Aug. 3, 2021 (EIRNS)—One of the criticisms leveled against the climate models used to terrify the world with the unfathomable horror of a change of 1.5 degrees by the turn of the century, relates to how modelers deal with uncertainties.
The entire Earth is a very complex system to model, and our understanding of many of its processes—wind patterns, rainfall, ocean circulation—is incomplete. This means that models cannot claim to be based purely on fundamental physics and well-known laws of nature, the way a simple physics demonstration used in a classroom would.
Instead, each of the uncertain values that is incorporated into the final model has some “wiggle room” in the specific value given to it.
If there are only a few uncertainties, the model as a whole will have only a few adjustment points, and there may be a very small range of setting the uncertain parameters that results in the model accurately producing past data, against which it can be verified.
But if there are many “knobs” on the machine, so to speak, there can be many ways of adjusting them such that the model matches the past relatively well (given the extremely incomplete data, no one expects perfection), while offering wildly different predictions for the future.
Climate models have many free parameters, many knobs to adjust, such that their matching past data says little about their ability accurately to predict the future. In this sense, you can get the underlying climate data to confess anything you’d like about the future, including out- of-control warming.
The Executive Director of the CO₂ Coalition recently wrote about the origin of climate models: “The father of these models was Cold War military theorist John von Neumann, who wanted to see if we could cause drought in the Soviet Union. He failed, thank goodness. Von Neumann joked, ‘with four parameters I can draw an elephant, and with five I can make him wiggle his trunk.’”

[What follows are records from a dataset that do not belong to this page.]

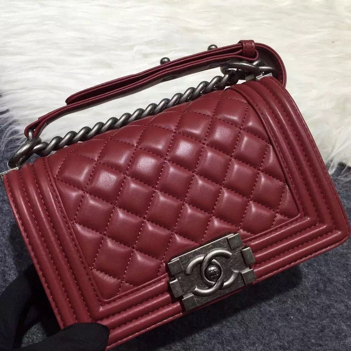 2016 LE Boy Chanel Flap Shoulder Bag Original Sheepskin Leather A67085 Claret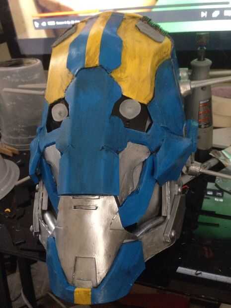 Pintar la máscara con los colores principales que usted eligió, en mi caso es el amarillo, azul y plata.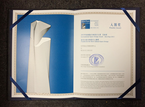 2015年,集合作品“深圳南山書(shū)城培訓(xùn)中心”獲艾特獎(jiǎng)年度文化空間設(shè)計(jì)獎(jiǎng)
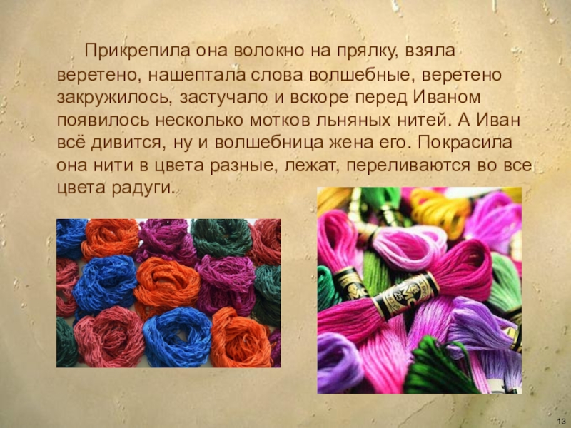 Слайд 13 Прикрепила она волокно на прялку, взяла веретено,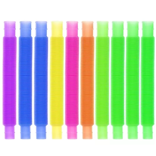Tuburi colorate și distractive, care combină stimularea senzorială cu dezvoltarea abilităților motorii și a creativității. Datorită diferitelor lungimi și culori, copiii și adulții pot crea forme proprii, pot învăța culorile și, în același timp, se pot bucura de relaxare și de reducerea stresului. Tuburile oferă un sunet scârțâitor atunci când sunt întinse, ceea ce sporește distracția interactivă și susține gândirea fizică.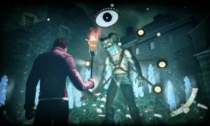Shadows of the Damned Hella Remastered throws you into a blazing, blood-pumping road trip through the most twisted corners of the Underworld. You play as Garcia Hotspur, a foul-mouthed demon hunter fueled by rock ’n’ roll, and his skeletal sidekick Johnson. Together you’ll plunge into nightmarish realms to rescue Garcia’s beloved Paula from the iron grip of Fleming, the Lord of the Underworld.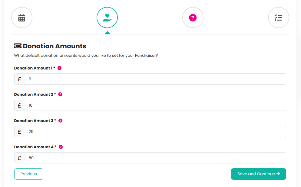 Set the default donations amounts for your Fundraiser. An optional amount box will also be created.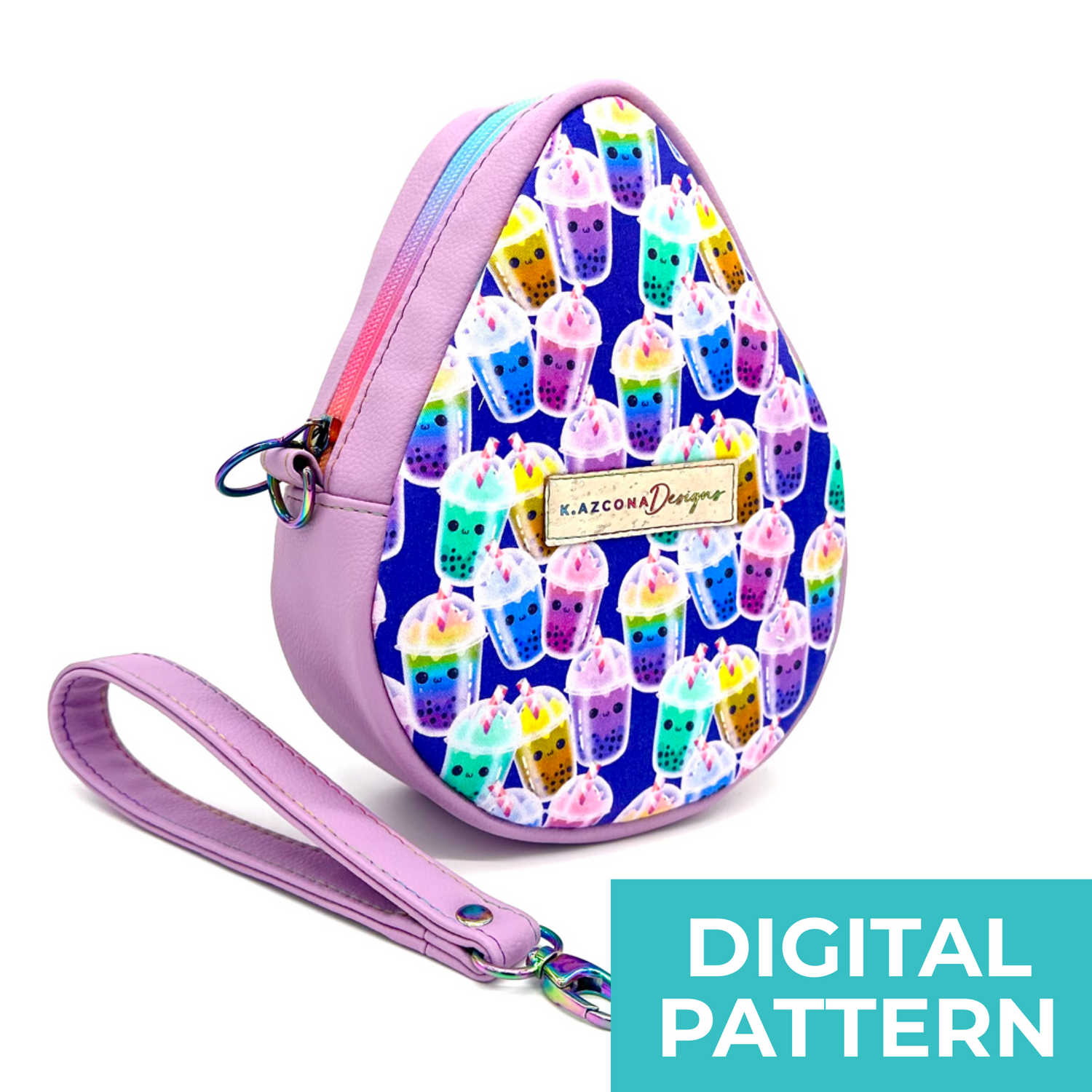 A sleek, water-drop shaped pattern series featuring bags and accessories with a...
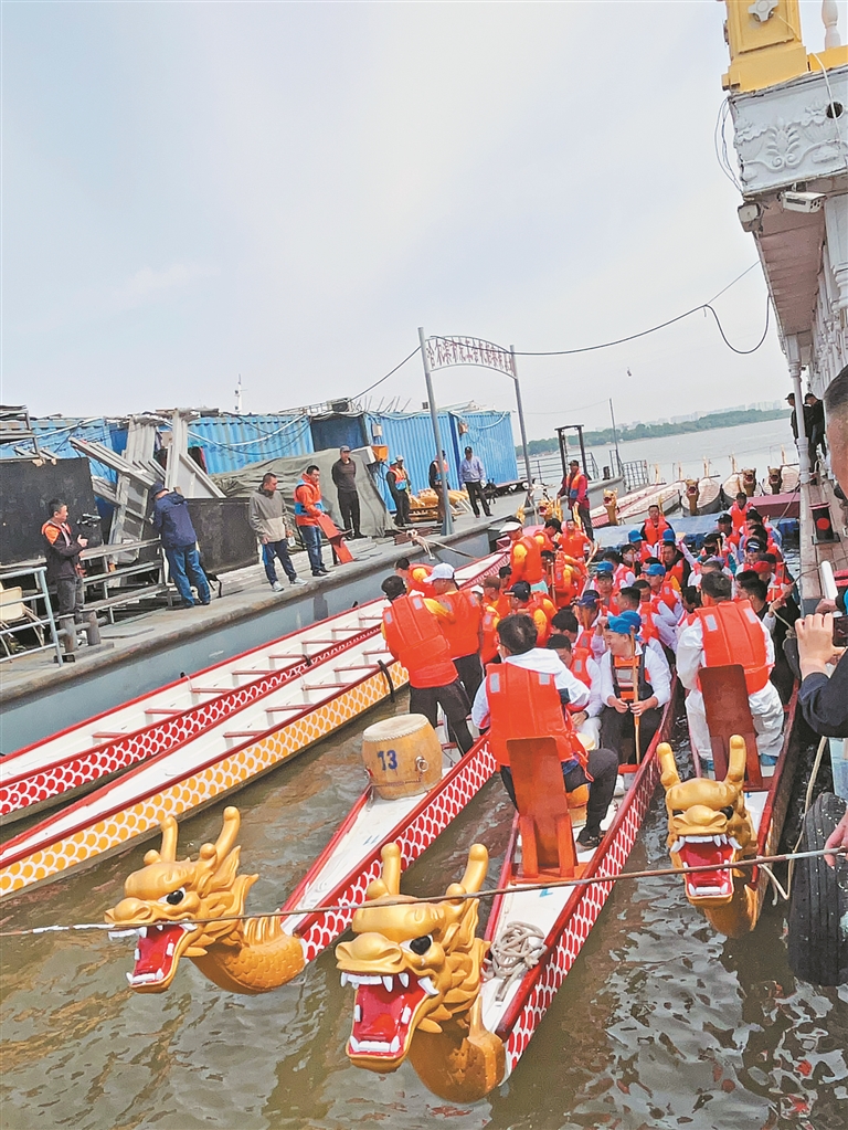 当天9点,哈工会码头前,哈尔滨电机厂有限责任公司龙舟队、东北轻合金有限责任公司龙舟队以及哈尔滨城发投集团龙舟队的队员们已经开始了热身,大家下水前都在整理装备、安装龙头。上船后,队员们进行了祭舟、祭江仪式。随后伴着阵阵鼓声,3艘龙舟驶出码头,队员们奋力划桨,在江面上画出一道道洁白、优美的曲线……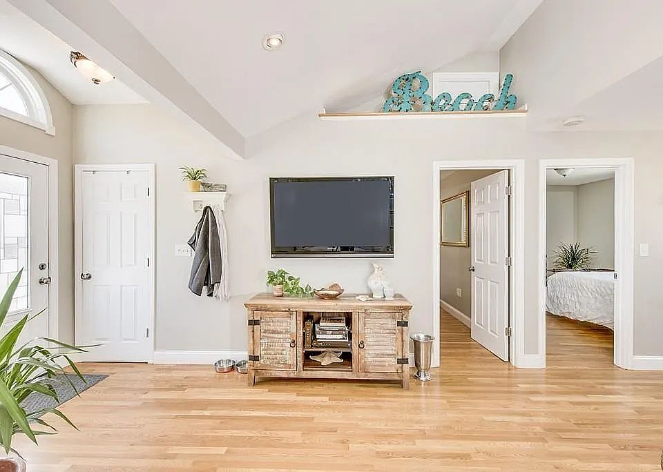 Custom kitchen with granite counters, stainless steel appliances, spa-like full bath, laundry closet with in unit washer and dryer. Open Layout living room, kitchen and dining area with cathedral ceilings, hardwood floors and lots of natural light. Full basement, nice size fenced back yard, oversized 14 x 16 storage shed Driveway parking for up to three cars. High efficiency GAS heating system, central AC. Just a short walk down the street to the bay. Owner pays for water/sewer. Tenant pays electric and gas. Lawn care included in rent. Minimum 12 month lease. No Smoking.

Professor Will Happer uncovered a 2010 paper by Jürgen Mayer et al. (DOI: 10.1119/1.3254017) that does just that. They use a Fourier coordinate expansion with four complex parameters to successfully parameterize a shape resembling an elephant. And adding a fifth causes the trunk to move around as its path is traced.
(Unlike the cases in climate models, in this case there was no data against which to validate the parameters, so the authors were completely free to set them as they pleased.)
What can a climate modeler achieve with hundreds or thousands of free parameters?